START Data

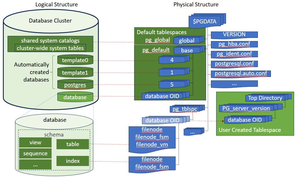 To understand the files in the directory, let's get familiar with some PostgreSQL terminologies and its object hierarchies:
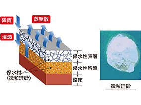 ・舗装表面を粗面型としたことにより、ポーラスアスファルト舗装と同等のきめ深さが確保でき、雨天時の路面水膜発生抑制性能が発揮される。
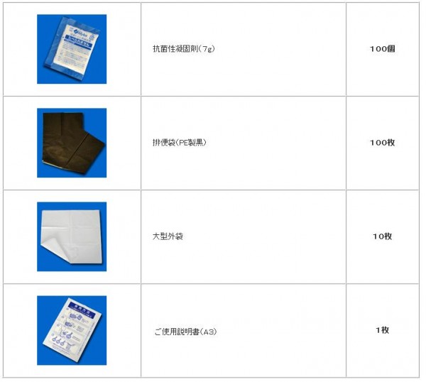 | セット内容 | 抗菌性凝固剤7g×100個、排便袋(黒)×100枚、大型外袋×10枚、ご使用説明書(A3ポスター)×1枚 |
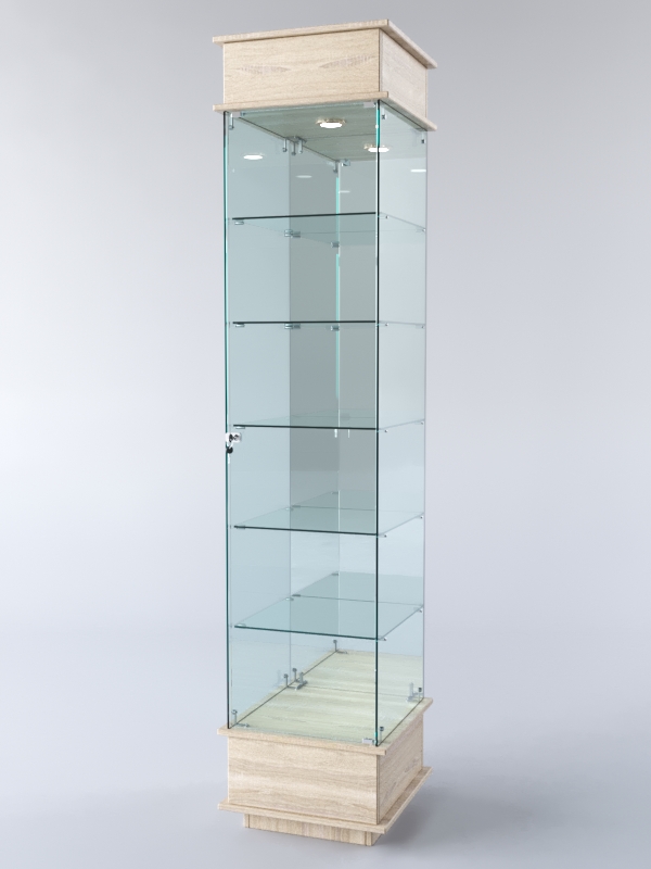 Конструкция включает пять стеклянных полок и подиум из ЛДСП. Задняя стенка — зеркало. Корпус оборудован распашной дверцей с замком. В верхнем фризе имеется подсветка.
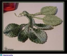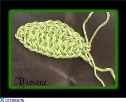 Далее провязываем 1 ВП, и по обратной стороне цепочки делаем то же самое. После этого провязать 7 ВП и оборвать нить. Листик готов.

END Data

# Description of the task
Look back at the data above, then output exactly the lines from the line holding "セット内容 | 抗菌性凝固剤7g×100個、排便袋(黒)×100枚、大型外袋×10枚、ご使用説明書(A3ポスター)×1枚 |" up to and including the line holding "Конструкция включает пять". Leave out the pictures.

# Exercise solution
 | セット内容 | 抗菌性凝固剤7g×100個、排便袋(黒)×100枚、大型外袋×10枚、ご使用説明書(A3ポスター)×1枚 |
 Конструкция включает пять стеклянных полок и подиум из ЛДСП. Задняя стенка — зеркало. Корпус оборудован распашной дверцей с замком. В верхнем фризе имеется подсветка.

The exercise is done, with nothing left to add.